The facilities – stretching from the northern tip to the southwestern part of the country – were approved years before the triple meltdown in Fukushima in March last year, but construction had been frozen following the disaster. The decision over their fate is seen as a test of just how serious Japan is about abolishing an industry that had been the source of 30 per cent of its electricity.
In the weeks since the nuclear phase-out was announced, Yukio Edano, industry minister, has said three approved but unfinished reactors are exempt from a central provision of the phase-out policy, under which no new plants will be built. Electric Power Development, the utility that owns one of the facilities, responded by saying it plans to resume work this year, with an eye to beginning electricity production some time after 2014.
In theory, it is possible to reconcile finishing the plants with the gradual phase-out envisioned by the new energy policy. Japan has 50 reactors already in service, and they are to be used while the country develops alternative energy sources such as solar and wind power. Supporters of the partially built plants argue that they will contain the latest, safest technology, and scrapping them now would mean writing off the tens of billions of yen already sunk into construction.
However, Kenichi Oshima, a nuclear policy expert at Ritsumeikan University, says uncertainties about the future cost of operating nuclear plants in Japan weaken the economic case for more atomic power. “There will be more costs for safety upgrades, and no one knows what kind of insurance system is going to be put in place. These things will make a big difference to generating costs.”
Since it takes about 40 years for a reactor to recoup its initial building costs, switching off the new plants in the 2030s, around two decades before the end of their normal operating lifespans, would mean accepting major investment losses – something a future government might be unwilling or unable to impose on utilities. “Basically, building these reactors would mean reversing the nuclear phase-out,” Mr Oshima says.
Allowing Oma and Shimane to go ahead could also open the door to more plants being built.

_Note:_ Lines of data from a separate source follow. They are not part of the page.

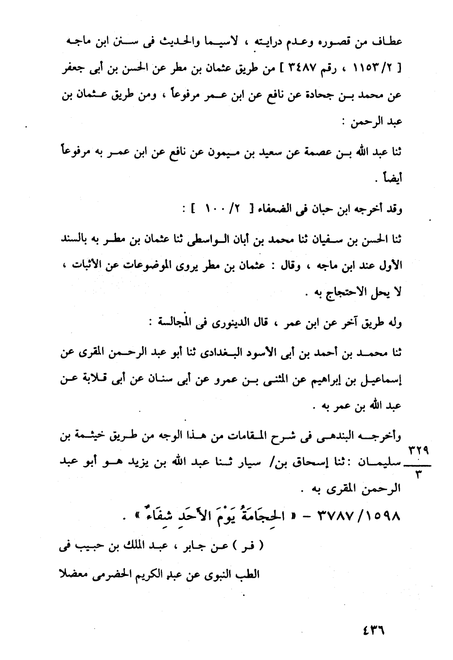 1598/ 3787 - "الحِجَامَةُ يَوْمَ الأَحَدِ شِفَاءٌ".
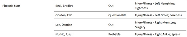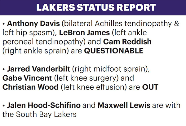 詹姆斯(左脚踝腓侧肌腱炎)、安东尼-戴维斯(双侧肌腱炎;左臀痉挛)和雷迪什(右脚踝扭伤)都被列为出战成疑,50%可能性出战;伍德(左膝积液)、范德比尔特(右中足扭伤)、盖布-文森特(左膝手术)、席菲诺(下放至发展联盟)和刘易斯(下放至南湾湖人)都将缺席比赛。
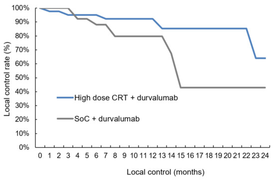 Local control. The comparison showed that local control was tendentially better (log-rank test, p-value = 0.076) in the high-dose chemoradiation group than with SoC treatment: The local control rates at 12 months were 91.8% (Salzburg) versus 79.0% (Vienna), respectively (CRT = chemoradiotherapy, SoC = standard of care).

Nine other reactors were in various stages of planning before Fukushima, and while the government has said they will not be constructed, some pro-nuclear local leaders have continued to push.
The governor of Fukui prefecture, a western area with a big nuclear industry, has recently stepped up lobbying for two planned reactors in his jurisdiction that had been close to receiving final approval before the accident. Higashidori’s village council has appealed for construction on its reactor to resume over fears for the local economy.
The phase-out plan could recede even further if Mr Noda’s Democratic party of Japan is ousted in an election early next year, which polls suggest is likely. The opposition Liberal Democrats nurtured the nuclear industry for decades when they were in power, and are more sceptical towards renewable energy.